Two pianists show the difference between playing and performing
On Sunday afternoon, I heard a live performance of a piece I’d just reviewed a few months before: Igor Stravinsky’s four-hand piano version of his seminal “The Rite of Spring,” which caused a veritable riot at its world premiere as a ballet in Paris in 1913. It’s famous for its skewed, off-kilter rhythms and raw drive, and the piano version is made no easier by the fact that the two players have to jockey for room at the keyboard. On Sunday at the Phillips Collection, Dennis Russell Davies, the well-known conductor and pianist, took off his jacket before performing it with his wife, the pianist Maki Namekawa, and observed to the audience that people might want to watch them fighting over who gets to use the pedal.
Both this performance and the one I heard last fall were quite brilliant, but the difference between them was striking. In October at the National Gallery, the duo-piano team Anderson and Roe offered a gleaming, polished reading. On Sunday, Davies and Namekawa presented a dialogue. Anderson and Roe offered sheer power; in Davies and Namekawa’s playing, I heard the specifically pianistic elements of the arrangement emerge, so that it sounded, often, like French piano music. Anderson and Roe showed two voices speaking as one; Davies and Namekawa were distinct individuals, he warmer, powerful and fuller, she insistent and percussive.

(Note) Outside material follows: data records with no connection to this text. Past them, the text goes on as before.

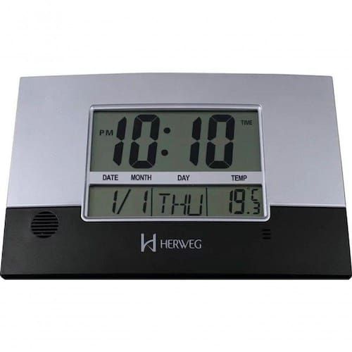 Relógio De Parede Ou Mesa Digital Lcd Calendário Termômetro Preto Herweg 6473 único Relógio de Parede ou Mesa Digital LCD Calendário Termômetro Preto Herweg 6473 único - Características Gerais do Produto: - Alimentação: Pilha AA ( não inclusa) - Funcionalidade: Visualização em 12h ou 24h; Termômetro; Termômetro com duas escalas; Calendário em Inglês; Relógio AM/PM; Timer; Alarme com melodia musical; Formato das Horas AM / PM; Visor LCD - Material: Plástico injetado pintado - Medidas: A: 19,0 x L: 28,8 x P: 2,6cm - Observações: Inclui suporte para pendurar ou pés para apoiar na mesa; Botões de regulagem na parte traseira - Modelo referência do produto: 6473-34 Garantia: - 12 Meses de Garantia de Fábrica
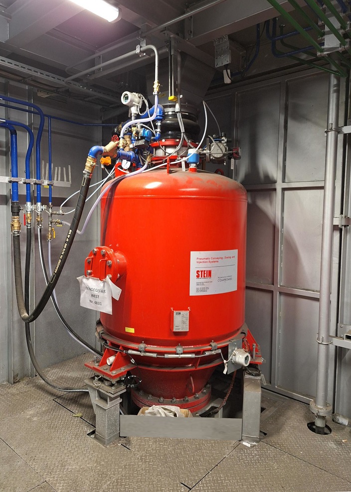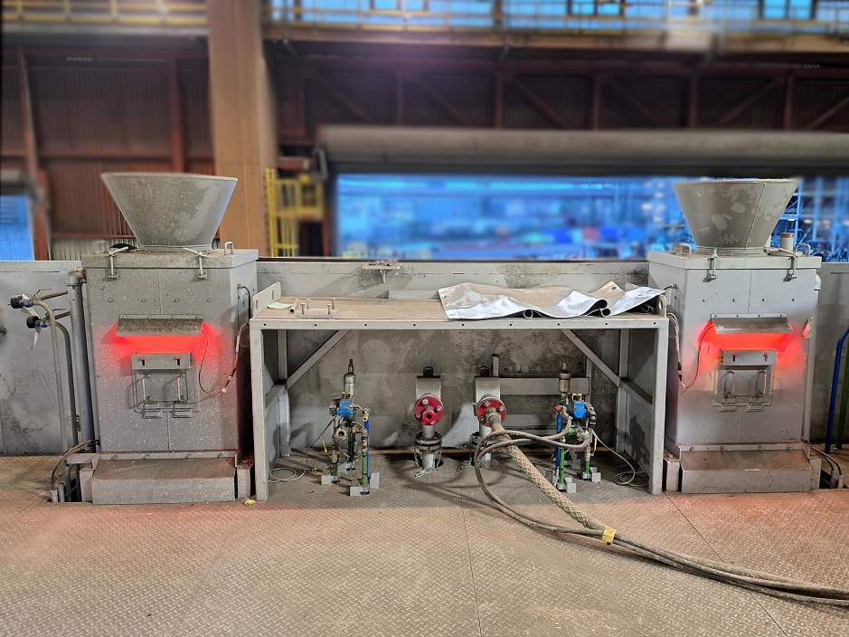 Die neuen Anlagen wurden in einen verfahrbaren Servicewagen integriert und dienen zum Auftrag von pulverförmigem Feuerfestmaterial auf die RH-Schnorchel und das Obergefäß.
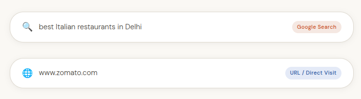 Two inputs, same bar, completely different destinations. In the first example, the browser sends your text to Google (or your default search engine) and brings back a list of results. In the second, it takes you directly to that website no middleman involved.
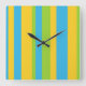 Wall Clock: Turquoise, Yellow, Green Stripes Square Wall Clock
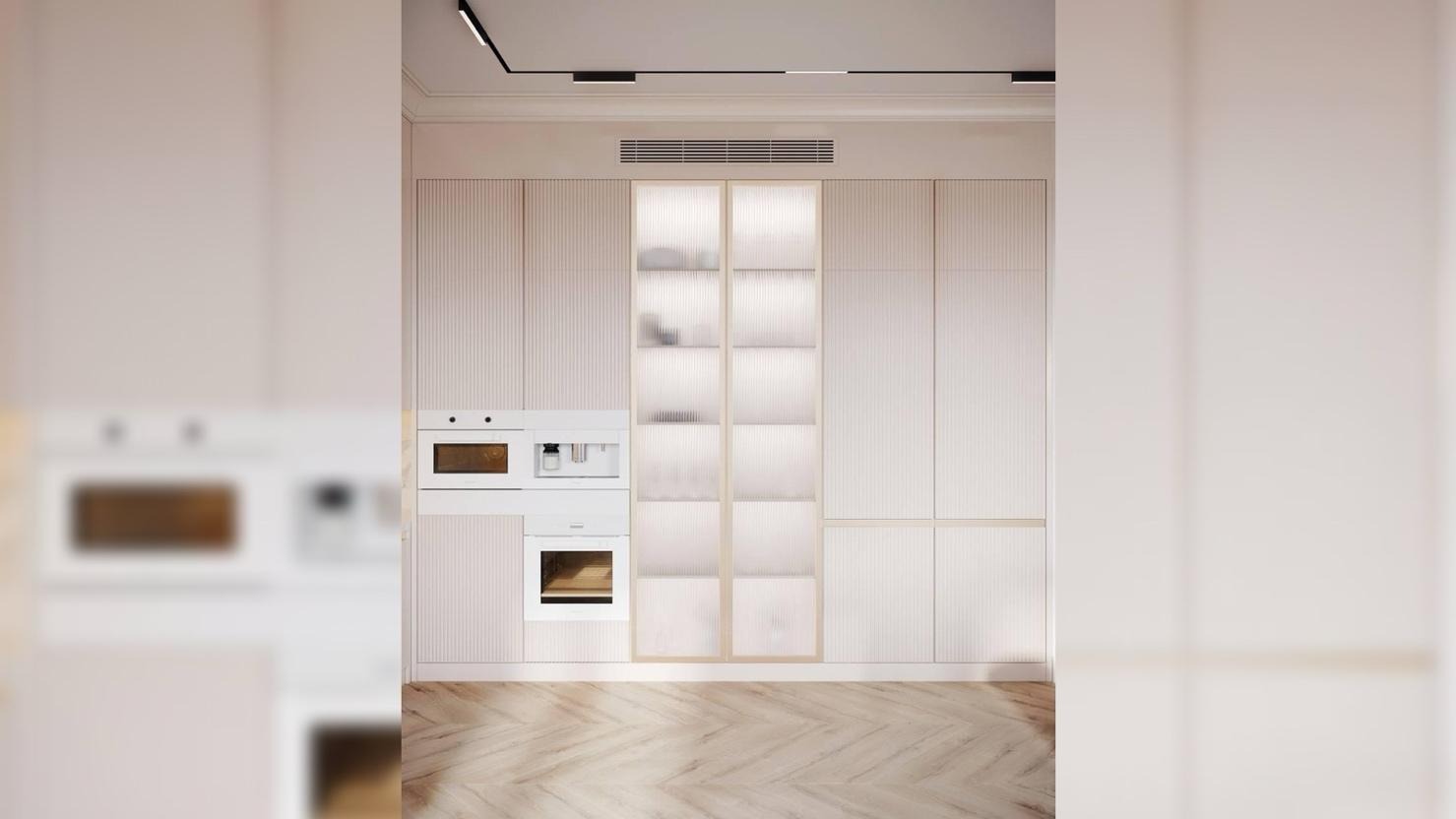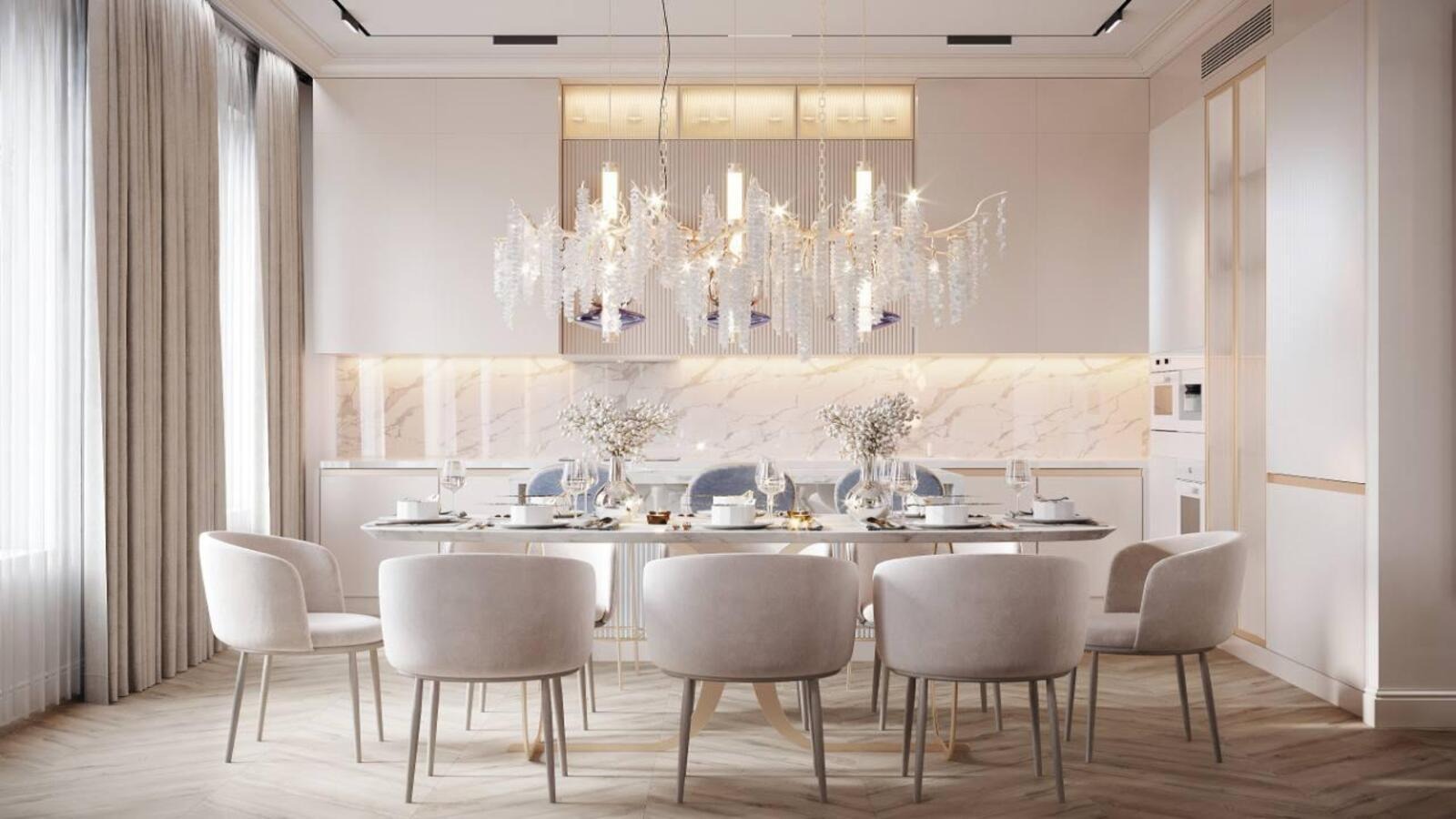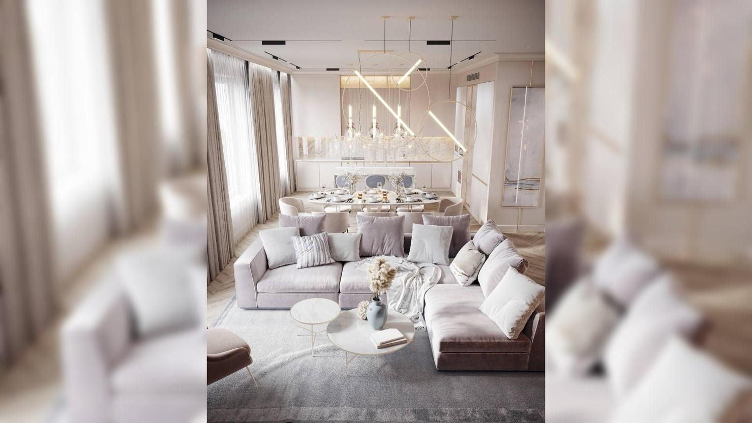 Гостиная, кухня и столовая входят в общую зону квартиры. Пространство открытое, без жёстких границ, рассчитанное на совместную жизнь. Центром стала кухня с островом, вокруг которого собирается вся семья. Интерьер выстроен на спокойной, пудровой палитре без резких контрастов, чтобы дом восстанавливал, а не перегружал.

And Davies and Namekawa, who have both worked extensively in new music and are known as Philip Glass specialists, had no interest in prettifying the music’s raw edges: They unabashedly reveled in harshness and dissonance and jaggedness, presenting it with a kind of matter-of-factness. The contrast even said something to me about the difference between the United States, where we may expect things to be slightly more formal and shiny, and Europe, where Davies and Namekawa have been based for a couple of decades (he has been music director of the Bruckner Orchestra Linz for 15 years) and where their duo piano recitals have been enthusiastically received by music lovers.
The program was beautifully put together, with a web of interconnections between the pieces and making a strong case for unfamiliar music. It opened with Shostakovich’s Concertino for Two Pianos, a work that shows off the composer’s more antic side and offered another Russian voice along with the Stravinsky. After intermission came a piano suite that the Austrian composer Kurt Schwertsik, now in his 80s, created for his own “Macbeth” ballet, filled with touches both sinister and humorous, and containing some of the kinds of repetitions that evoke the idea of minimalism, a la Glass.
The afternoon culminated with a piece as powerful and weighty as the Stravinsky: Glass’s “Four Movements for Two Pianos.” Glass has as distinctive a language as any composer who has ever lived, but those who hear in it no more than repetition would be challenged by the massive intensity, scope and variety and emotional power and sheer motion of these four contrasting miniature works.
Though the program contained only music written in the past 104 years, it was anything but daunting, and the performers, smiling at each other and at the music, emphasized “playing” rather than “performing,” with all the artificial earnestness that the latter entails. It was a performance given by people who cared more about the music than about what you, or I, or anybody thinks of it — a performance at once intimate and uncompromising, a concert given by two working musicians, at work.